DOS ESTÚDIOS DE RÁDIO DOS ANOS 1950 ÀS REDES BOLSONARISTAS DE 2026
Dos estúdios de rádio dos anos 1950 às redes bolsonaristas de 2026, os casos de Carlos Frias e Mário Frias revelam permanências na relação entre mídia, política e moralidade pública no Brasil, especialmente na transformação de acusações judiciais em narrativas de perseguição e espetáculo político
Erik Chiconelli Gomes e Maycon Dougllas
Em 1950, Carlos Frias parecia ter encontrado no rádio uma passagem direta para a política. Locutor conhecido das rádios Tupi e Tamoio, voz identificada com a campanha brigadeirista e defensor declarado da União Democrática Nacional, Frias foi eleito vereador na então Capital Federal como um dos poucos nomes do rádio alinhados ao antigetulismo. A condição era rara. A UDN do Rio carioca consolidava base em camadas médias urbanas, mas pouco penetrava na classe radiofônica, majoritariamente getulista.

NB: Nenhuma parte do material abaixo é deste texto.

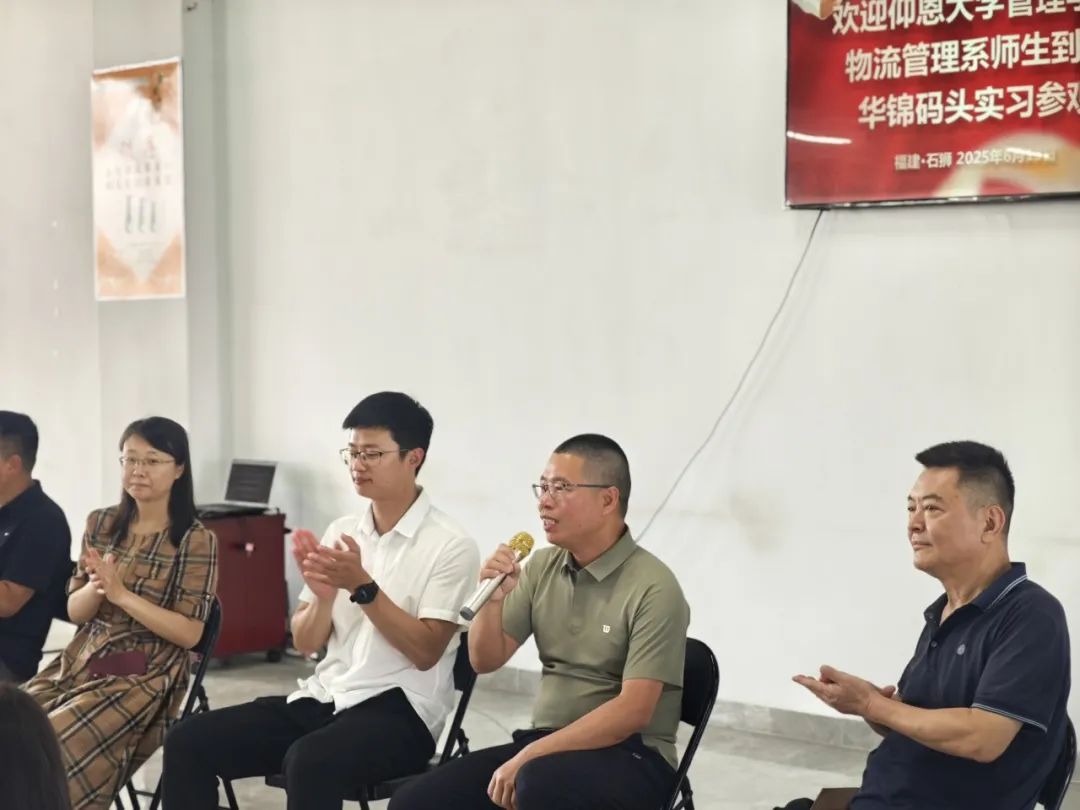 座谈会上,物流管理系师生与华锦码头管理团队围绕行业前沿议题开展深度研讨。学生聚焦自动化码头智能运维、极端天气船舶调度、绿色港口转型发展等行业热点领域踊跃提问。华锦码头副总经理谢金泉及部门负责人结合码头运营案例与行业发展经验,从技术应用、管理策略、政策响应等角度逐一解答,将物流规划、风险管理等理论知识融入实践场景,实现校企间的知识流动与经验互鉴,生动诠释“产学研用”协同育人的创新实效。

Carlos Frias era apresentado na revista como o melhor candidato udenista a vencer a “gaiola de ouro”, termo utilizado pelos próprios radialistas em referência à Câmara dos Vereadores.
Mas a carreira política do locutor começou atravessada por uma reviravolta. Antes mesmo da posse, eis que uma notícia explodiu nas páginas da imprensa radiofônica. Carlos Frias havia sido preso e acusado de falência fraudulenta. A Revista do Rádio tratou o caso com o vocabulário dramático que reservava às grandes comoções do mundo artístico. A notícia, dizia o periódico, “estourou como uma bomba”, abalando fãs, políticos e artistas. A metáfora pertencia à gramática do escândalo midiático que o semanário mobilizava em outras ocasiões para tratar separações de cantoras e brigas de bastidor. Importava a temperatura emocional do enquadramento, não a precisão jurídica do que ocorrera. O radialista, eleito pelo voto popular, via-se subitamente impedido de exercer o mandato por força de uma condenação judicial.
A revista se colocou em cena como mediadora da crise. Dizia agir “em defesa dos radialistas” e atender à curiosidade de seus leitores. A revista não falava de Carlos Frias apenas como candidato político. Era um dos seus, um trabalhador da voz, um personagem do rádio, alguém cuja queda política podia ser narrada como injustiça contra o meio radiofônico. Esse pertencimento profissional precedia o posicionamento ideológico. Anselmo Domingos, diretor-chefe e ele próprio escritor de radionovelas, organizava o periódico para defender a categoria antes de tomar partido. A clivagem getulismo versus udenismo cedia momentaneamente à clivagem entre o radialista e o tribunal. O mesmo periódico que pouco espaço lhe concedera enquanto candidato antigetulista passou a acompanhar, com atenção redobrada, o drama jurídico que ameaçava retirar-lhe o mandato.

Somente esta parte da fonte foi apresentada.